Prévention et mesures d’hygiène
Ergonomie au travail
La prévention de l’épicondylite passe par l’adoption de bonnes pratiques ergonomiques : régler la hauteur du poste de travail pour garder les coudes à angle droit, utiliser un clavier et une souris ergonomiques, alterner régulièrement les tâches et faire des pauses toutes les heures pour étirer les avant-bras.
Pratique sportive adaptée
Pour les sportifs, il est recommandé de bien s’échauffer avant l’effort, d’utiliser un matériel adapté (raquette de taille et de poids appropriés, cordage de tension correcte), de renforcer les muscles de l’avant-bras et d’apprendre les techniques de frappe évitant les contraintes excessives sur le coude.
Exercices préventifs
Des exercices simples permettent de renforcer les tendons et de prévenir les récidives :
- Étirements doux de l’avant-bras (flexion et extension du poignet)

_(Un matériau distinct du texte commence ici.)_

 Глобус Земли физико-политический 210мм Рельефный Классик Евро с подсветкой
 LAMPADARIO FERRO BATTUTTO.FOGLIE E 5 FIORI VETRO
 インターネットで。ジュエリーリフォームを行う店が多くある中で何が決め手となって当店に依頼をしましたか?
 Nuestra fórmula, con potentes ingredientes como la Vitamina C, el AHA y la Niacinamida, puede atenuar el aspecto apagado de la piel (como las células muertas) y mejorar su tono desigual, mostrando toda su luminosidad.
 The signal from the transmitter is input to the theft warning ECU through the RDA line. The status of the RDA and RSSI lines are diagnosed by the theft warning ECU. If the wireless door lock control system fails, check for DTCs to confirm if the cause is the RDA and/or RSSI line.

- Renforcement avec un poids léger ou une bande élastique
- Exercices de préhension avec balle anti-stress
- Mouvements de rotation du poignet

Évolution et pronostic
Le pronostic de l’épicondylite est généralement favorable, mais la guérison peut être lente, s’étendant souvent sur 6 mois à 2 ans. Environ 5 à 10 % des patients développent une forme chronique nécessitant un traitement prolongé. Les récidives sont possibles si les facteurs déclenchants ne sont pas corrigés, d’où l’importance de la prévention à long terme et du maintien des exercices de renforcement même après la disparition des symptômes.

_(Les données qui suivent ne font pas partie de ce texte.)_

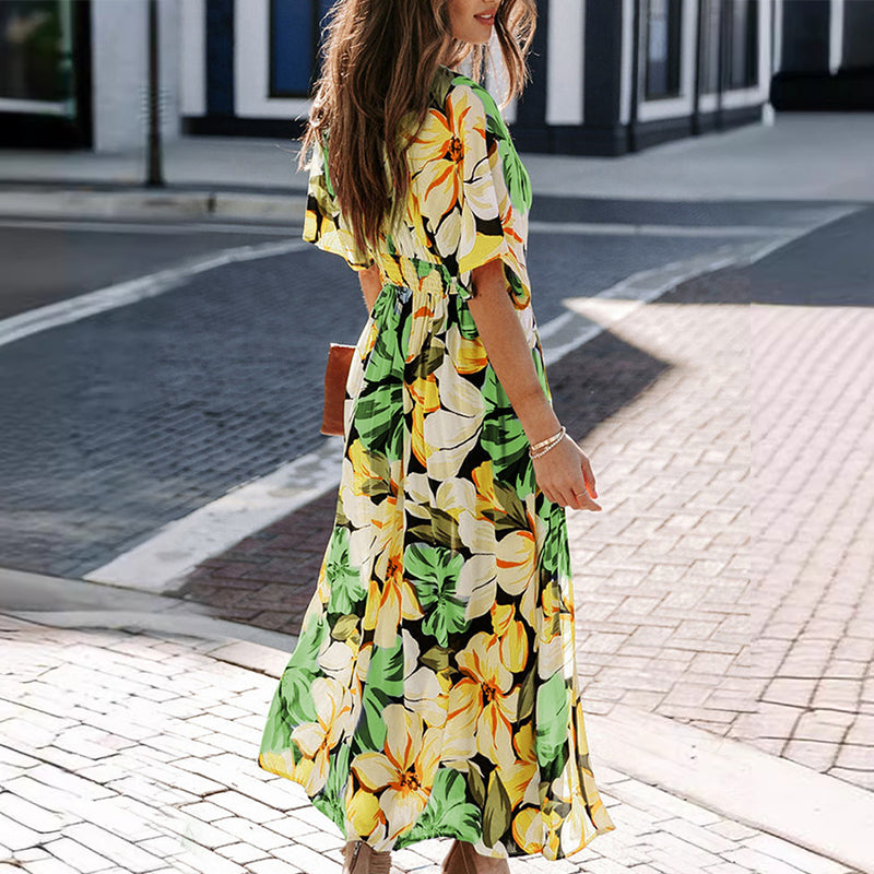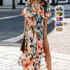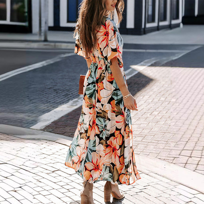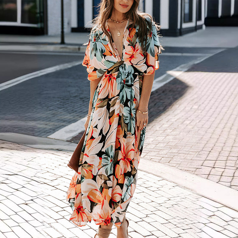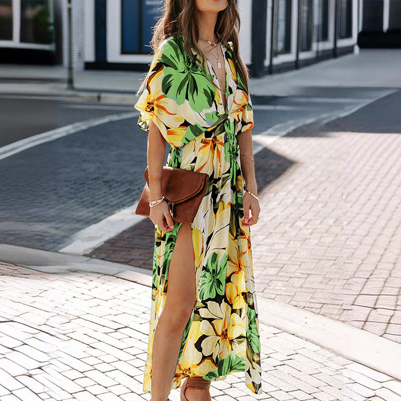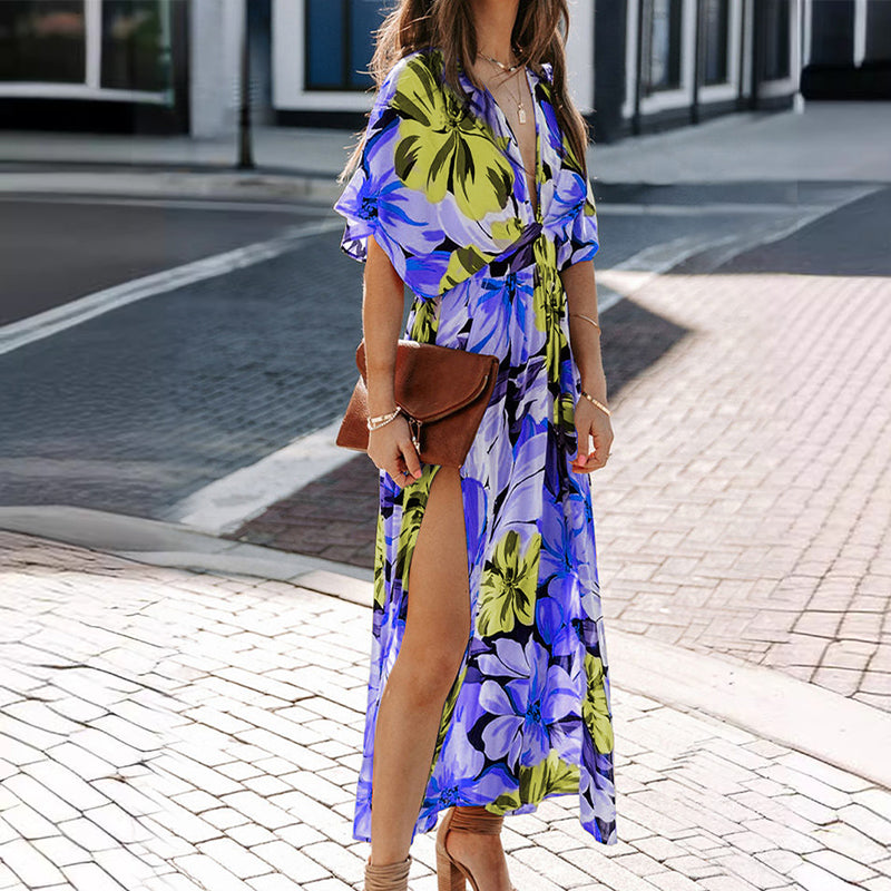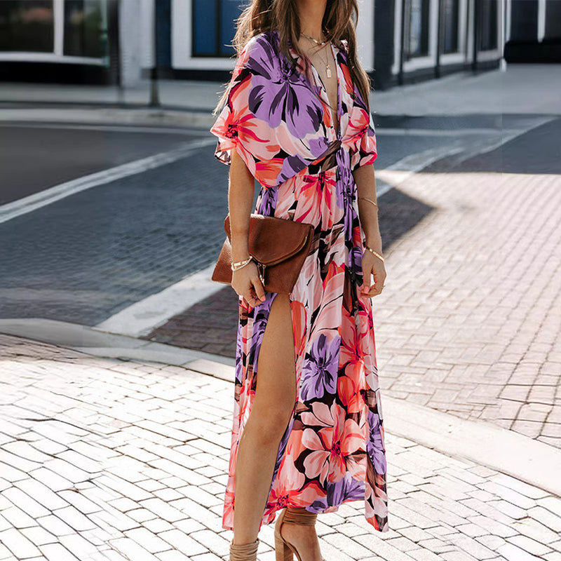 Summer Floral Printed Sexy Deep V-Neck High-Waist Split Dress for Women
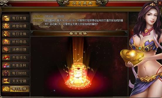 【活动内容】:活动期间,每天14:00 – 18:00,可享受打怪获得经验和符文值双倍加成的福利!活动第1天,更可享受全天烤火双倍!
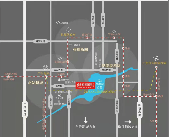 南驰·都湖国际地理位置优越,毗邻白云机场和广州北站,为居民提供了便捷的出行条件。此外,社区周边有地铁9号线花果山公园/花城路站,方便快捷地连接城市各主要区域。不仅如此,社区还靠近广州首个市内免税综合体以及广清高速新华出口,确保您无论是前往市中心还是其他重要地点,都能享受顺畅无阻的旅程。
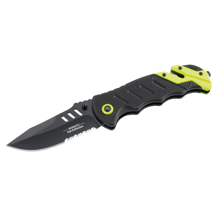 Eindrucksvoll präsentiert sich dieses kräftige Rettungsmesser aus der Herbertz TOP-Collection. Die schwarz beschichtete Droppoint-Klinge mit integrierter Teilsägezahnung ist aus rostfreiem Stahl AISI 440 gefertigt und lässt sich dank beidseitig montierter Daumenpins rasant in Arbeitsstellung schwenken. Ein Liner Lock übernimmt die zuverlässige Arretierung. Schwarze G-10 Griffschalen bilden einen harmonischen Übergang von der Klinge zum Heft und geben der Arbeitshand, in Kombination mit den ausgeprägten Fingermulden, sicheren Halt. Neonfarbige Beschläge am Griffende sowie Einsätze um die Klingenschraube herum sorgen für optische Akzente. Wenn es darauf ankommt, steht ein Gurtschneider einsatzbereit zur Verfügung. Die Lieferung erfolgt inklusive Nylon-Etui.

En résumé : conseils pratiques
L’épicondylite est une pathologie fréquente mais bénigne dont la prise en charge précoce est essentielle pour éviter la chronicité. Voici les points clés à retenir :
- Ne pas ignorer la douleur : consulter dès l’apparition des premiers symptômes pour éviter l’aggravation
- Adopter le repos relatif : continuer à utiliser le bras pour les gestes doux, mais éviter les mouvements douloureux
- Appliquer du froid : 15 minutes, 3 à 4 fois par jour, surtout après les activités sollicitantes
- Suivre un programme de rééducation : le renforcement excentrique est particulièrement efficace
- Corriger l’ergonomie : au travail comme dans la pratique sportive, adapter son poste et son matériel
- Être patient : la guérison prend du temps, mais 90 % des cas se résolvent sans chirurgie
- Maintenir les exercices : continuer le renforcement après la guérison pour prévenir les récidives
En cas de douleur persistante, n’hésitez pas à consulter votre médecin traitant ou un spécialiste (rhumatologue, médecin du sport ou chirurgien orthopédiste) pour établir un diagnostic précis et mettre en place un traitement adapté à votre situation.